For purposes of order, I'll start from the endings and work back. For me, there is nothing more disappointing than reading through a well-written story that grabs my attention and holds onto it, only to be disappointed at the end. Especially as I've had some success in requesting revisions to bad beginnings, but revisions to bad endings rarely come back as I'd hoped.

So here are a few of the worst mistakes an writer can make.

Shock and Surprise
For some reason many new writers have a penchant for surprise endings. I suppose it's a desire to write something "memorable" and certainly some of the stories we remember most from high school English are the ones that surprised us like Faulkner's "A Rose for Emily," Amborse Bierce's "An Occurrence at Owl Creek Bridge," and, of course, the classic, Shirley Jackson's "The Lottery."

The names listed here should provide a hint that surprise endings require great skill.
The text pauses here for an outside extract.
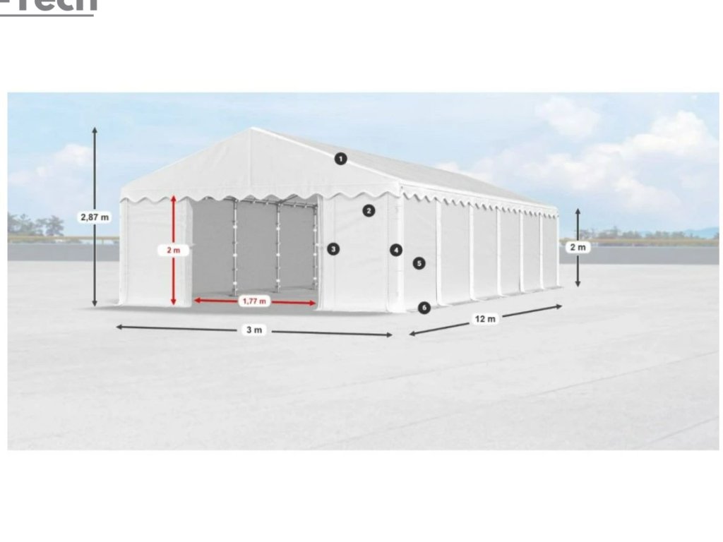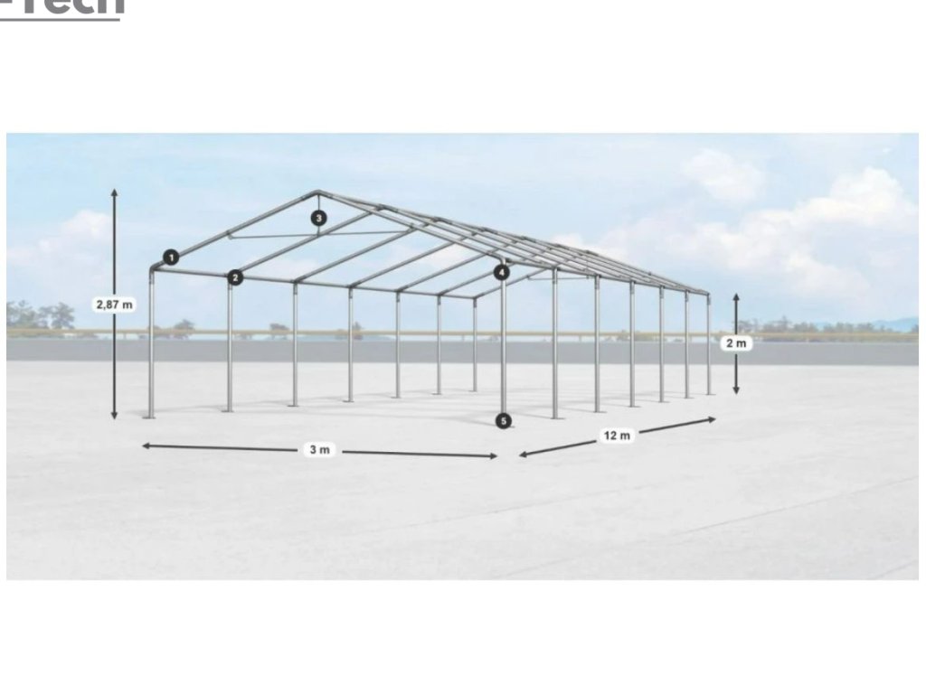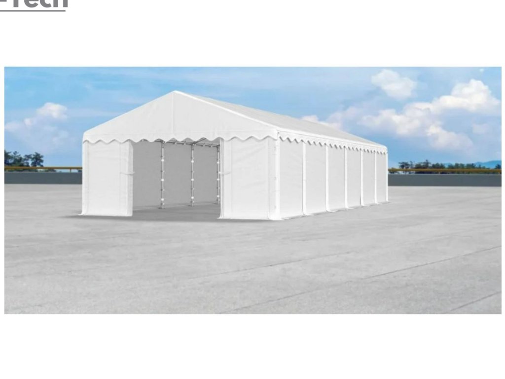 Skladová hala/garáž 3x12m s výškou boku 2m s pevnou oceľovou konštrukciou a stanom z kvalitného polyetylénu. Hrubá oceľová konštrukcia zabezpečuje odolnosť proti poveternostným podmienkam, stan je vyrobený z ľahkého materiálu, ktorý je veľmi odolný voči UV žiareniu, vode a plesniam. Jednou z hlavných výhod skladovej haly/garáže je veľký priestor, ktorý poskytuje. Bez ohľadu na to, či potrebujete skladovať záhradné náradie, stavebný materiál, vozidlá alebo iné predmety, skladová hala/garáž vám ponúka dostatočný priestor pre vaše potreby. Skladová hala/garáž tiež poskytuje ochranu pred nepriaznivými poveternostnými podmienkami. Je vyrobená z kvalitných a odolných materiálov, ktoré sú odolné voči dažďu, vetru, snehu a iným poveternostným vplyvom.

Well crafted surprises are like those hidden pictures games. Once you know the ending you realize the clues were obvious. However, through authorial sleight of hand, the writer had you looking the other way. The mistakes new writers make usually fall into one of two categories. They either put up red flags throughout the story alerting the reader to expect a "surprise" at the end, or the ending comes out of the blue with no grounding in what went before. It's a surprise all right, like introducing the murderer in the last paragraph of a mystery.


The Unrealistic Ending
This somewhat overlaps the "shock" ending in that it relies on something supernatural like a ghost or an angel. Relying on the supernatural is okay if you are writing horror or fantasy or somehow the theme pervades the entire piece. If you are writing something in a realistic vein, you cheat your reader when you end with supernatural elements acting as a deus ex machina.

The "I Can't Go There" Ending
This is a strange phenomenon in which the writer takes on a tough topic, like a floundering marriage, and at the end, veers off into a light and totally out-of-context ending. Once a friend asked me to read a draft of his first novel. The main characters were a serial killer and a young man AWOL from the navy who meet while the latter is hitchhiking cross country for his sister's wedding. The book was masterfully written, permeated with a sense of foreboding. Like a car wreck you couldn't turn away from the reader feared the worse. Then, suddenly, the serial killer finds love with a young orphan, moves with her to a cabin on the mountains, and they all live happily every after. My friend admitted that the obvious conclusion was too painful, so she didn't write it that way.

I took a workshop called, "Writing Through the Pain" helping writers to get through the tough parts of their stories.
Lorrie Moore's "People Like That Are the Only People Here" was one of the examples we read of writing about a painful and frightening subject. Sometimes, especially when our work is semi-autobiographical, it's hard to write the scary stuff. If you can't do it, then stay away from the topic. Don't, instead, end on a light and upbeat note. It leaves readers feeling cheated.

The Bonnie and Clyde
At the opposite end of the spectrum are those stories that end in a hail of bullets, or with someone getting their head blown off or leaping from tenth story window. This is sometimes called the apocolyptic ending.

Bonnie and Clyde's demise was a true story and sometimes the story requires that, but more often life doesn't provide a real ending. The incident we are writing about may end or fade out, but the people continue living with the decisions they've made or the actions they've taken. The best endings are more subtle.


But Not Weak
Sometimes a submission reminds me of that old joke about the kid writing a 100 words on his summer vacation. The last sentence is, "and that's...my hundred words." In this case the writer gets going on something and seems to run out of space or steam. Rather than go back and see how to shear off some unnecessary words, the writer attempts to fashion something that sounds like an ending in the middle of the story.Other times, the writer doesn't know where the true end is and continues to write past it until the piece just fizzles out. Apocolypse is not necessary, but a story shouldn't require "the end" for us to know it's finished.



These represent some bad endings I've come across. If you have more, add your comments. I'll continue with other ways stories go bad in Part II

1 comment:

Angie Ledbetter said...

Nice helpful post, Nannette. I hate the ending that just falls on its face, like the author suddenly got called away.